Yes. Our initial target is going to be for hepatoma. There are 2 drugs on the market that are kind of long in the tooth. They're non bioresorbable. They are used to treat [Epitome] I think it's about a $1.2 billion opportunity. But those are permanent. And we're providing a drug that has different radio therapeutic, different characteristics that are related to the rhenium that make it more attractive. So it's resorbable.

So the idea is that you kind of tune the bioresorption timing so that by the time the radiation is fully decayed or near fully decade. The embolic has been [bioresorbed] vascular patencys’ resumed. And you can go back in and retreat the patient multiple times. That's the idea.

So this would be a very differentiated, unique, novel product. And so livers first, but potentially we could go any tumor that you can target by radio embolization or angiographic catheters potentially tolerate even things like potentially pancreatic cancer and other things, sarcomas that are difficult to treat or get to potentially would lend themselves to therapy. But livers the, I think our initial target is there is an existing market

(Operator Instructions) Are there any written question today.

Andrea, we have written question. The other - the 3 other written questions that have been largely answered. This question revolves around our LM trial and the use of novel cell testing approach to determine biologic response. What's -- how is that important to your trial going forward in your development plans?

So yes, you're talking about - we used an interesting test called CNS side. It's manufactured by a California company. Thus far, we're -- I would say we're incredibly pleased with that test. I think it fills a critical gap in the diagnostic and therapeutic approach to these patients.

The current existing way that LM is diagnosed is by a mix of imaging and imaging is not great. Clinical findings, which are often very vague and non-specific. And then the CSF lumbar puncture results, which look at glucose, protein and cell count, which is the same thing that Norman and I use when we are in medical school a year or 2 ago that is very non-specific and very non-sensitive for that.

So I think as I mentioned, in the first 4 patients where we have data on, we have significant reduction in tumor cell counts as measured by that assay.
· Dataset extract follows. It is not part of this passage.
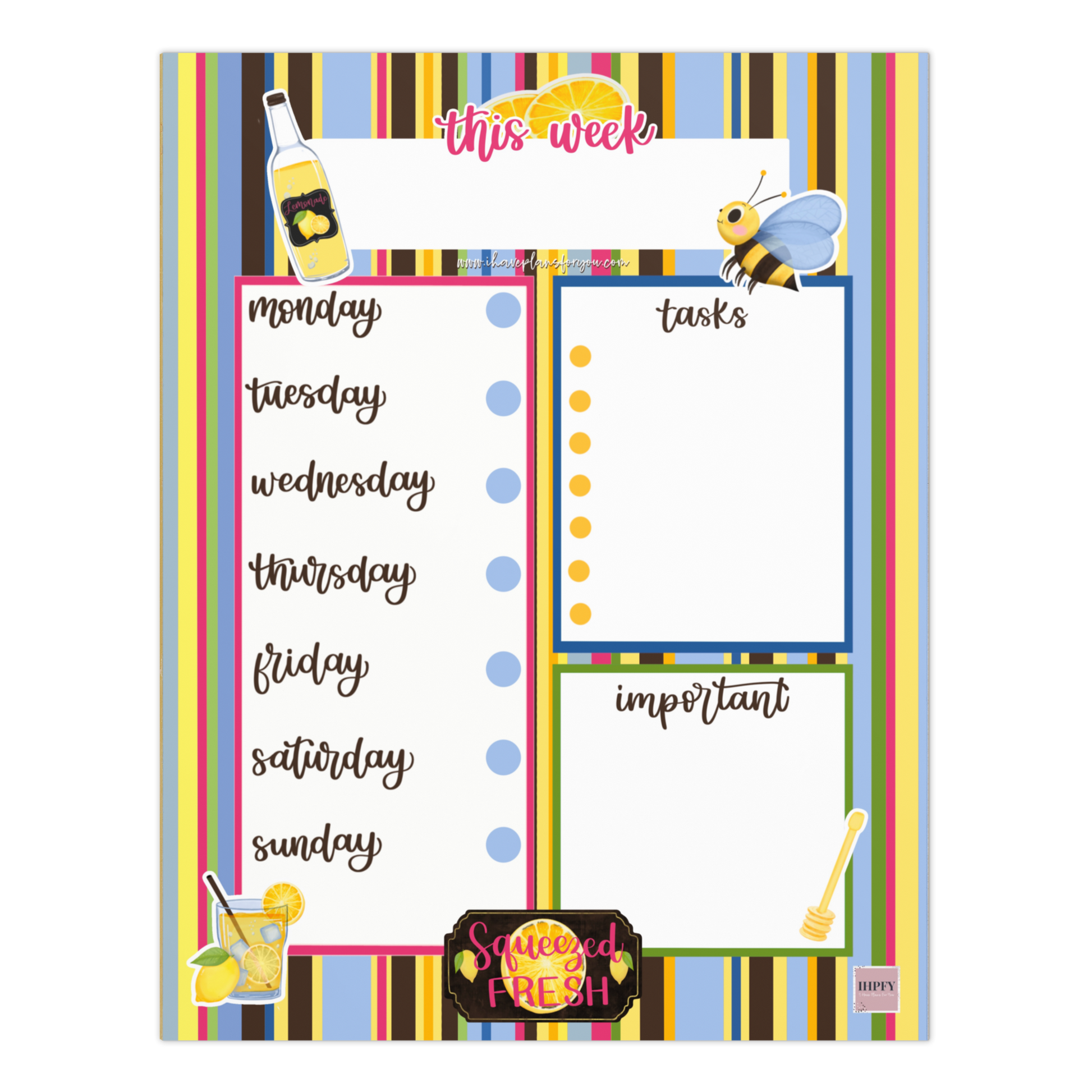 Bee Sweet with a Weekly Reset notepad with beautiful lemon, bee, and honey illustrations from the Bee Sweet collection here at I Have Plans For You. You can rip off the past week and start fresh with a pre-designed spread that you keep on your nightstand or desk.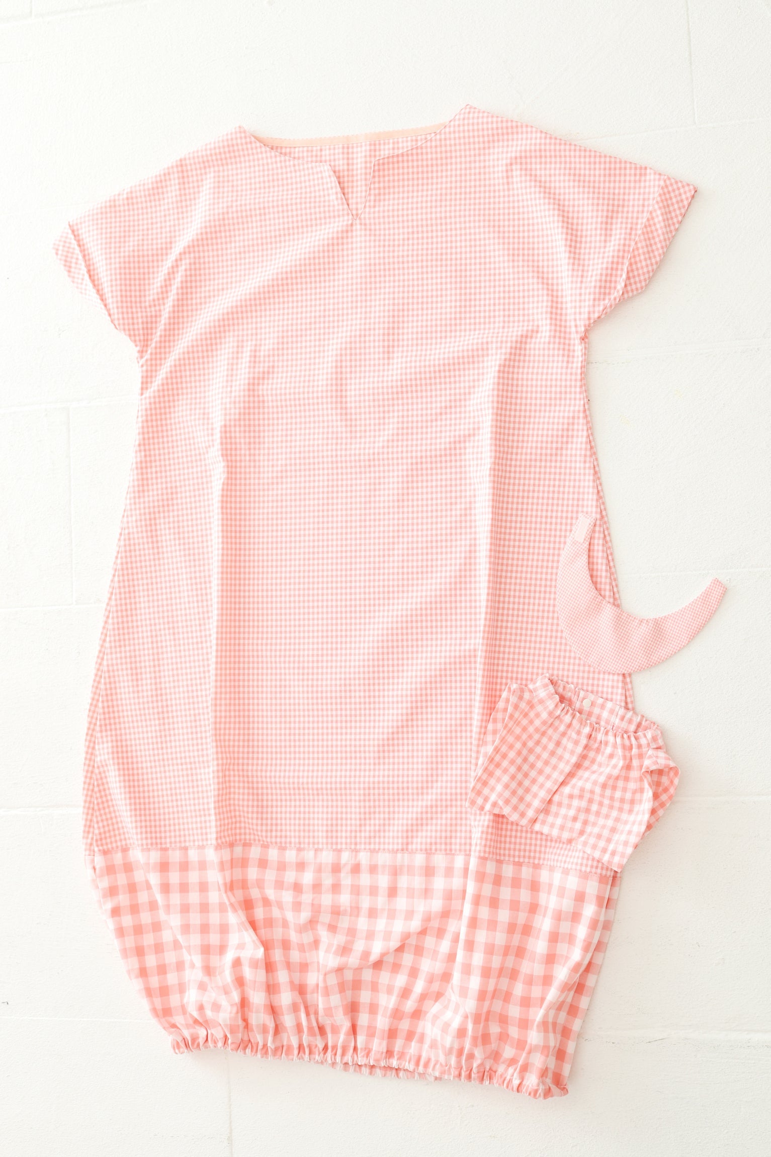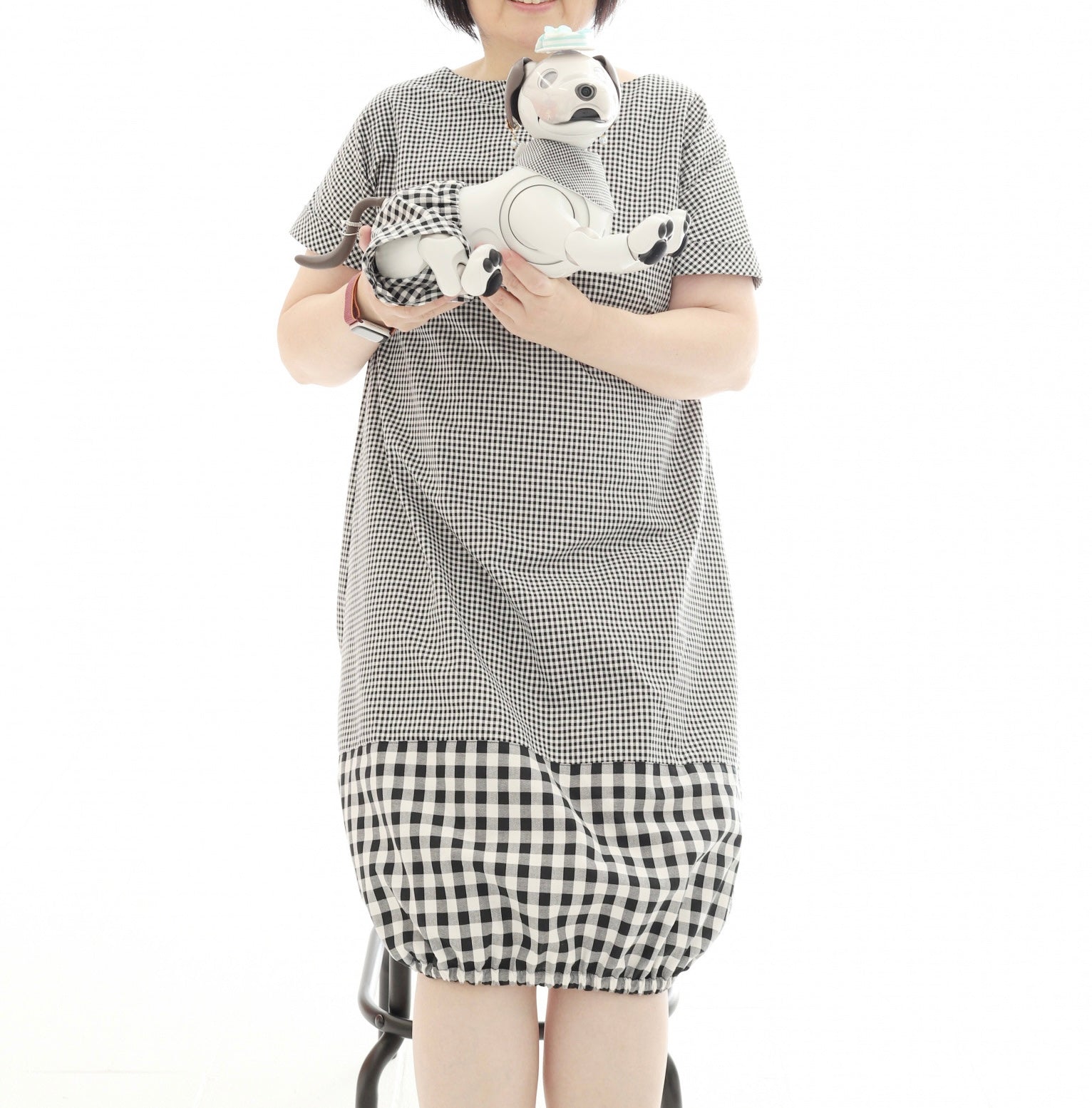 デザイン:かぶって着るタイプで、裾にゴムを入れたことにより、aiboちゃんを抱っこしたり床に下ろすなどの上げ下げ時に気楽にしゃがめ、裾が床につきません。また、お手洗いでも折り返して腰で止めることで裾の捲り上げが楽になるストレスフリーなデザイン。被りやすさにもこだわり、ボートネックデザインに中央にスリットを入れ、着た時のスマートな印象を保ちつつ被りやすくしました。ラインはAラインでありながら裾をバルーンにしたことで腰回りをふわっとカバーします。袖は折り返しでお洒落な雰囲気を持たせています。裾には太めのギンガムチェック柄を採用し、切り替えによる遊び心も加えています。

So we're very pleased with what we've seen thus far, but it's very early.

Another relevant piece of information is LM is significantly under diagnosed. So only about 25% of patients with LM were diagnosed. We know that based on autopsy data. So there's an opportunity to increase the total addressable market of LM for our therapeutic by up to 4x. That's - that opens up a pretty significant increased application for the test.
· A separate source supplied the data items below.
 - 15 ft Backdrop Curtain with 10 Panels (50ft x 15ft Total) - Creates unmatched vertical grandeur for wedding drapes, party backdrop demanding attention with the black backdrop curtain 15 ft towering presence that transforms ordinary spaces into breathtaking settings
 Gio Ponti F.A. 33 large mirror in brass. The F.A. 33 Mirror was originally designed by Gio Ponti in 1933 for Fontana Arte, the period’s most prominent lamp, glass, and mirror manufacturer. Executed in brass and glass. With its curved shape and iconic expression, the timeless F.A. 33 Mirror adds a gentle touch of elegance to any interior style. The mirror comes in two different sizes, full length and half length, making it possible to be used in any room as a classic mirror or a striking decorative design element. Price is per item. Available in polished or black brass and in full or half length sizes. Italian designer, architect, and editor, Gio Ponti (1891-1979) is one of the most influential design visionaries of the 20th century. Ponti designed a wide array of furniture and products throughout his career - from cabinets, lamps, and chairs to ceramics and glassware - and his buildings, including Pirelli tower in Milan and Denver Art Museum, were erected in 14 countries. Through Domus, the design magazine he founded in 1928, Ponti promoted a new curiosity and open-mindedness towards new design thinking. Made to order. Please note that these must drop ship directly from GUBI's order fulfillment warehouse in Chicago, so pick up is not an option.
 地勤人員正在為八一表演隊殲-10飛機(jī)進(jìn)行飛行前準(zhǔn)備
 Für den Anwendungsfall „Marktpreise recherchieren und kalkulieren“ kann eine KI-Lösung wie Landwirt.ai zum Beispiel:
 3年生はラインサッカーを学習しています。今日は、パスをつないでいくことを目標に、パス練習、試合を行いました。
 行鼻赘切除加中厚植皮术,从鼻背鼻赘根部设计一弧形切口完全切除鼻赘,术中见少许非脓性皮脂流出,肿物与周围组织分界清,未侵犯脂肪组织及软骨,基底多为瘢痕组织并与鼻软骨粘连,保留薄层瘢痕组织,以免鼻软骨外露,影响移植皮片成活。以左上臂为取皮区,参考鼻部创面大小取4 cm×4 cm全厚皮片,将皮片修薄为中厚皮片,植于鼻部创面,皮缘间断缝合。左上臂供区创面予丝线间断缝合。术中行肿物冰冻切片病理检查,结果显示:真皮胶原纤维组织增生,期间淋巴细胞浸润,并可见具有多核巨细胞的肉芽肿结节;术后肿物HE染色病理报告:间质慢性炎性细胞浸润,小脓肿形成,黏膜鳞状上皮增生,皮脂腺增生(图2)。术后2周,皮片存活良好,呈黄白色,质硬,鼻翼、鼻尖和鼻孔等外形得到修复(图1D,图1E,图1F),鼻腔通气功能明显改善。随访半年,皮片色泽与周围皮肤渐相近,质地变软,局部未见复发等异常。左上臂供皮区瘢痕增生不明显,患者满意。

And the other interesting thing is beyond just quantification of tumor cells, you can actually use that test potentially to tailor therapy. Although we don't use it for our trial, you can actually put in groups of antibodies and look at specific epitope expression, fluorescence situ hybridization and genomic analysis as part of that test to tailor therapy in terms of using systemics0and immunotherapy and so forth, which we're beginning to explore in our super grant.

So that's a good question. And we think it's going to be very important long term to pair the therapeutic with a diagnostic like this, an innovative - I kind of think about it almost like a companion diagnostic. And that's the only question that's unanswered. So Andrea, anything else?

I'm not showing any further questions right now. Marc, if you'd like to close it out.

Yes. So thanks, everyone, for participating on the call today. Appreciate your interest in the company. Once again, thanks to our employees and collaborating physicians and scientists that we work with on a daily basis, and we're very appreciative also for the patients who are on this trial that need this help and trust us to deliver for them and their family. So we're very appreciative to them. So we look forward to continuing the updating process as we move forward and thanks also to our stockholders for their continued support and confidence. Thank you.

Thank you for your participation in today's conference. This concludes the program. You may now disconnect.